2. The MCP Gateway (Composio)

  • Best for: Multi-tool workflows requiring dynamic access to Snowflake + other SaaS tools
  • Trade-off: Introduces a third-party intermediary into your auth flow
  • Security level: Medium-High, depends on Composio’s SOC 2 compliance and your OAuth scopes

3. Native Cortex Code

  • Best for: Pure Snowflake shops wanting minimal integration overhead
  • Trade-off: Limited to Snowflake’s model availability and UI constraints
  • Security level: Maximum, native governance with no external dependencies

Whichever path you choose, enable cross-region inference (ALTER ACCOUNT SET CORTEX_ENABLED_CROSS_REGION = 'ANY_REGION') to ensure access to the latest Claude models, and always, always, review the Diff View before accepting AI-generated SQL changes.

Conclusion: Governance Is Not a Feature, It’s Architecture

The “revolutionary” promise of AI coding assistants mostly revolutionized the speed at which developers can leak data. Snowflake’s governance boundary isn’t just a checkbox—it’s a fortress wall that these new proxy tools let you extend all the way to the developer’s terminal.
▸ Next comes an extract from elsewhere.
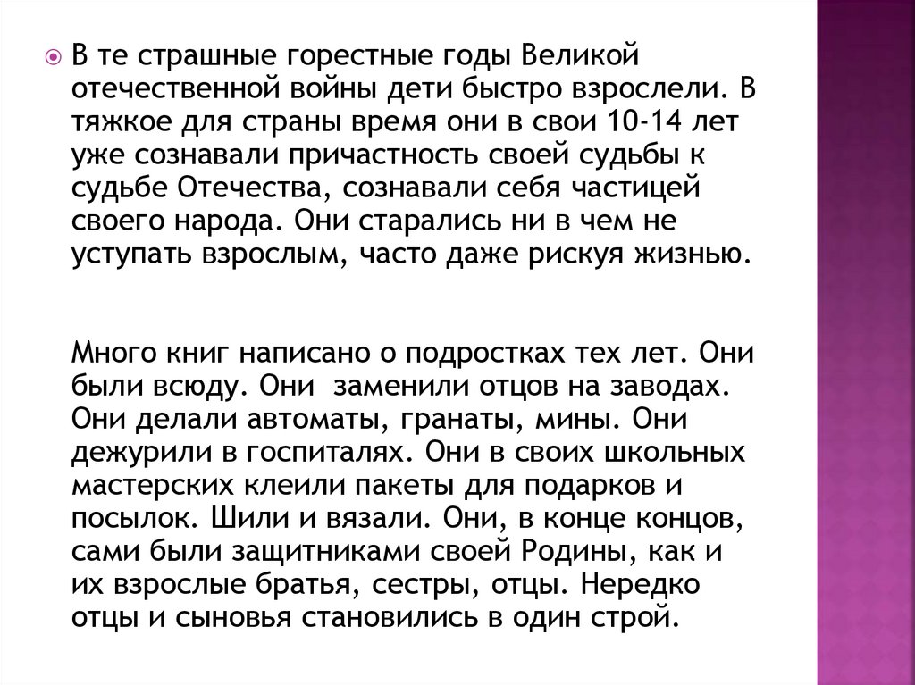В те страшные горестные годы Великойотечественной войны дети быстро взрослели. В

By translating Anthropic’s API into Snowflake’s native Cortex Inference, you get the best of both worlds: Claude’s reasoning capabilities with Snowflake’s audit trails. The AI agent becomes just another governed user, subject to the same masking policies, role constraints, and compliance checks as everyone else.

In an era where MCP is the new attack surface, keeping your AI agents inside your data cloud isn’t paranoia—it’s hygiene. Your prompts stay yours. Your data stays governed. And your compliance officer stays off your Slack.

That’s not just secure. That’s sane.